# Web Scraping for Reddit & Predicting Comments

In this project, we will practice two major skills. Collecting data by scraping a website and then building a binary predictor.

As we discussed in week 2, and earlier today, there are two components to starting a data science problem: the problem statement, and acquiring the data.

For this article, your problem statement will be: _What characteristics of a post on Reddit contribute most to the overall interaction (as measured by number of comments)?_

Your method for acquiring the data will be scraping the 'hot' threads as listed on the [Reddit homepage](https://www.reddit.com/). You'll acquire _AT LEAST FOUR_ pieces of information about each thread:
1. The title of the thread
2. The subreddit that the thread corresponds to
3. The length of time it has been up on Reddit
4. The number of comments on the thread

Once you've got the data, you will build a classification model that, using Natural Language Processing and any other relevant features, predicts whether or not a given Reddit post will have above or below the _median_ number of comments.

**BONUS PROBLEMS**
1. If creating a logistic regression, GridSearch Ridge and Lasso for this model and report the best hyperparameter values.
1. Scrape the actual text of the threads using Selenium (you'll learn about this in Webscraping II).
2. Write the actual article that you're pitching and turn it into a blog post that you host on your personal website.

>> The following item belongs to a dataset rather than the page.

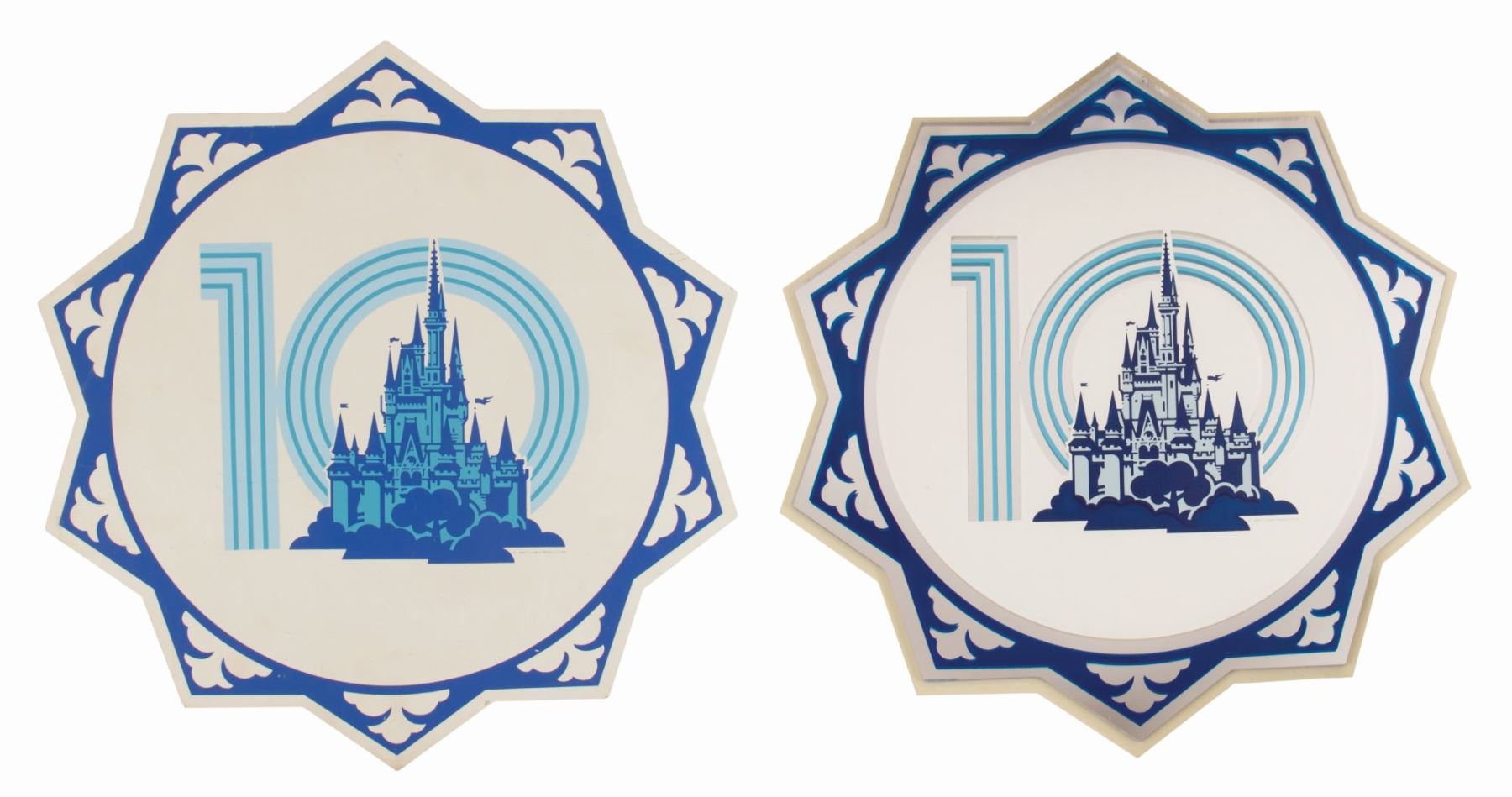 (Walt Disney World, 1981) A beautiful pair of Walt Disney World 10th anniversary signs. Each sign features Cinderella Castle and the 10th anniversary logo. Both signs are printed on acrylic board, and one has mirrored elements incorporated into its design. Both signs measure 20" in diameter, and the pair is in good condition with slight discoloration and wear from use.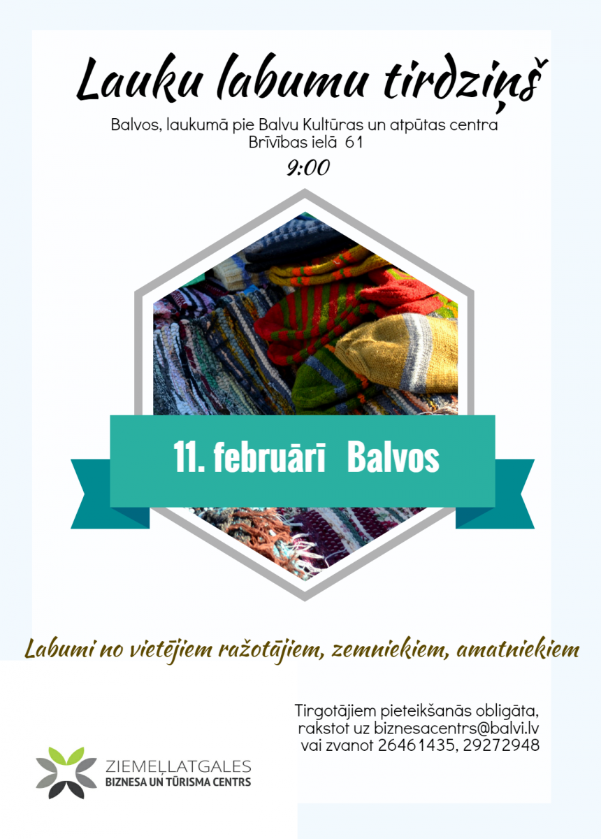 11. februārī Balvos, laukumā pie Balvu Kultūras un atpūtas centra notiks tradicionālais lauku labumu tirdziņš. Aicinām ikvienu apmeklēt tirdziņu, lai iegādātos dažādus lauku labumus un amatniecības izstrādājumus no zemniekiem, mājražotājiem un amatu meistariem!

### Scraping Thread Info from Reddit.com

#### Set up a request (using requests) to the URL below. Use BeautifulSoup to parse the page and extract all results

https://blog.datastories.com/blog/reddit-front-page

Top page Reddit posts stay on the front page an average of 4 hours 15 minutes.
The average lifetime on the front page of an image is 3.5 hours, while the text posts live for 4 hours and 45 minutes on average.
Internal self-posts LIVE SIGNIFICANTLY LONGER than external posts.
The average lifetime of a Reddit's self post is 5 hours and 15 minutes.
The average lifetime of an external post is only 3 hours and 45 minutes.
The average lifetime of text posts with a positive headline is significantly longer than the lifetime of posts with a neutral or negative headline.
Textual self-posts with positive headlines stay significantly longer on the front page.
Starting at 9am PST is the fastest time for getting upvotes.
For text posts, Very Positive or Very Negative posts perform significantly better than Neutral ones.
Images get much more upvotes than text posts.
However….text posts get more comments and stay on the front page longer.
There are 5 Sub-Reddits that completely dominate the front page of Reddit.

In [2]:
import requests
from bs4 import BeautifulSoup
import pandas as pd
import time

In [None]:
## The Plan

# scrape multiple times, eg top 100 posts, 3*day for 3 days, or more often
# score/ upvotes, downvotes, # comments, rank, time posted, len time on reddit
# title: sentiment?, numbers?, special char?
# content for text posts, sentiment, subreddit, # subscribers per sub, image?, video?, podcast?,
#     internal/external, 

## other - how long was it in the top 100? , what freq can i scrape....
# analyze title - is there a clickbait formula?
# time it takes to get to front page (top25)
# does the OP engage in the comments section? how much?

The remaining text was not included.